General information
- Type: Ultralight aircraft and Light-sport aircraft
- National origin: Italy
- Manufacturer: Triavio SRL
- Status: Under development (2017)

History
- Introduction date: 2013

= Triavio Italo =

Italian ultralight aircraft

The Triavio Italo (Italian) is an Italian ultralight aircraft, designed and produced by Triavio of Catania, introduced at the AERO Friedrichshafen show in 2013. The aircraft is intended to be supplied as a kit for amateur construction or complete and ready-to-fly.

==Design and development==
The Italo was designed to comply with the Fédération Aéronautique Internationale microlight rules and US light-sport aircraft (LSA) rules. It will also be available as a homebuilt aircraft kit.

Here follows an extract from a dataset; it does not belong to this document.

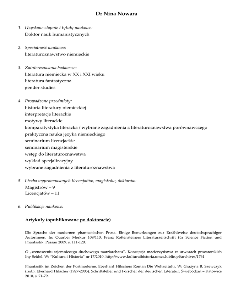 Dr Nina Nowara 1. Uzyskane stopnie i tytuły naukowe: Doktor nauk humanistycznych 2. Specjalność naukowa: literaturoznawstwo niemieckie 3. Zainteresowania badawcze: literatura niemiecka w XX i XXI wieku literatura fantastyczna gender studies 4. Prowadzone przedmioty: historia literatury niemieckiej interpretacje literackie motywy literackie komparatystyka literacka / wybrane zagadnienia z literaturoznawstwa porównawczego praktyczna nauka języka niemieckiego seminarium licencjackie seminarium magisterskie wstęp do literaturoznawstwa wykład specjalizacyjny wybrane zagadnienia z literaturoznawstwa 5. Liczba wypromowanych licencjatów, magistrów, doktorów: Magistrów – 9 Licencjatów – 11 6. Publikacje naukowe: Artykuły (opublikowane po doktoracie) Die Sprache der modernen phantastischen Prosa. Einige Bemerkungen zur Erzählweise deutschsprachiger Autorinnen. In: Quarber Merkur 109/110. Franz Rottensteiners Literaturzeitschrift für Science Fiction und Phantastik. Passau 2009. s. 111-120. O „wznoszeniu tajemniczego duchowego matriarchatu”. Koncepcja macierzyństwa w utworach prozatorskich Iny Seidel. W: “Kultura i Historia” nr 17/2010. http://www.kulturaihistoria.umcs.lublin.pl/archives/1761 Phantastik im Zeichen der Postmoderne. Eberhard Hilschers Roman Die Weltzeituhr. W: Grażyna B. Szewczyk (red.): Eberhard Hilscher (1927-2005). Schriftsteller und Forscher der deutschen Literatur. Świebodzin – Katowice 2010, s. 71-79. Krzysztof Kuczyńskis schlesische Studien. W: Zdzisław Wąsik / Peter Chmiel (red.): Schlesien in der germanistischen Forschung und Lehre. Wrocław 2010, s. 95-106. Podwajająca się płeć. Dyskurs kobiecości w opowiadaniach Marie Luise Kaschnitz. W: Zeszyty NaukowoDydaktyczne NKJO Zabrze. Zabrze 2010, s. 175-185. Postać Wojciecha Korfantego w prozie Horsta Bienka. W: Grażyna Barbara Szewczyk /Jan Malicki (red.): Horst Bienek. Ślązak i Europejczyk. Katowice 2011. s. 21-33. „Sie hat ihm die Seele ausgetrunken“. Zum Vampirmotiv in Theodor Storms Novelle Draußen im Heidedorf. W: Ewa Jurczyk (red.): Der Mensch und sein Universum. Zabrze 2011, s. 83-91 (= Zeszyty Naukowo-Dydaktyczne NKJO Zabrze) Vampirische Verführerinnen in Eichendorffs Lyrik W: Rocznik Łubowicki 9/2011 (Lubowitzer Jahrbuch), s. 57-66. Zwischen Sein und Schein. Die Ambiguität des Phantastischen in den Erzähltexten von Eddie M. Angerhuber, w: Ewa Jurczyk, Alina Jackiewicz (red.): Dialog der Sprachen, Dialog der Kulturen. Zabrze 2011, S. 150-160. (=Zeszyty Naukowo-Dydaktyczne NKJO). Über „die Aufrichtung eines geheimnisvollen Matriarchates.“ Das Mütterlichkeitskonzept im Prosawerk Ina Seidels. W: „Orbis Linguarum” vol. 37, Wrocław 2011, s. 141-152. Das feministische Frauenbild in der Science Fiction von Barbara Neuwirth. W: Heidi Beutin, Wolfgang Beutin, Heinrich Bleicher-Nagelsmann, Herbert Schmidt, Claudia Wörmann-Adam (red.): „Frauen sind dazu berufen, Utopien bewohnbar zu machen“. Frauenbilder in Kunst und Literatur. Mössingen-Talheim 2012, s. 142-156. Wasserwesen in polnischen und deutschen Sagen Oberschlesiens. Eine komparatistische Annäherung. W: Hannelore Scholz-Lübbering, Birgit Norden (red.): Götter, Geister, Wassernixen entlang der Oder. Ergebnisse einer Tagung in Słubice im September 2011. Leipzig 2012, s. 173-184. Świat i antyświat w krótkich formach epickich Augusta Scholtisa. W: Grażyna Barbara Szewczyk, Michał Skop (red.) August Scholtis. Śląski pisarz i publicysta. Twórczość po 1945 roku. Katowice 2012, s. 39-53.

It features a cantilever low-wing, an enclosed cockpit with two-seats-in-side-by-side configuration under a bubble canopy, retractable tricycle landing gear and a single engine in tractor configuration.

The aircraft is made from sheet aluminum. Its 7.77 m span wing employs slotted flaps. Standard engines available will be the 100 hp Rotax 912ULS and 912iS four-stroke powerplants.

The design was shown at the 2013 AERO Friedrichshafen show, but was still under development in 2015 and was not yet advertised for sale on the company website in March 2017.

A future LSA version is planned, but as of March 2017, the design does not appear on the Federal Aviation Administration's list of approved special light-sport aircraft.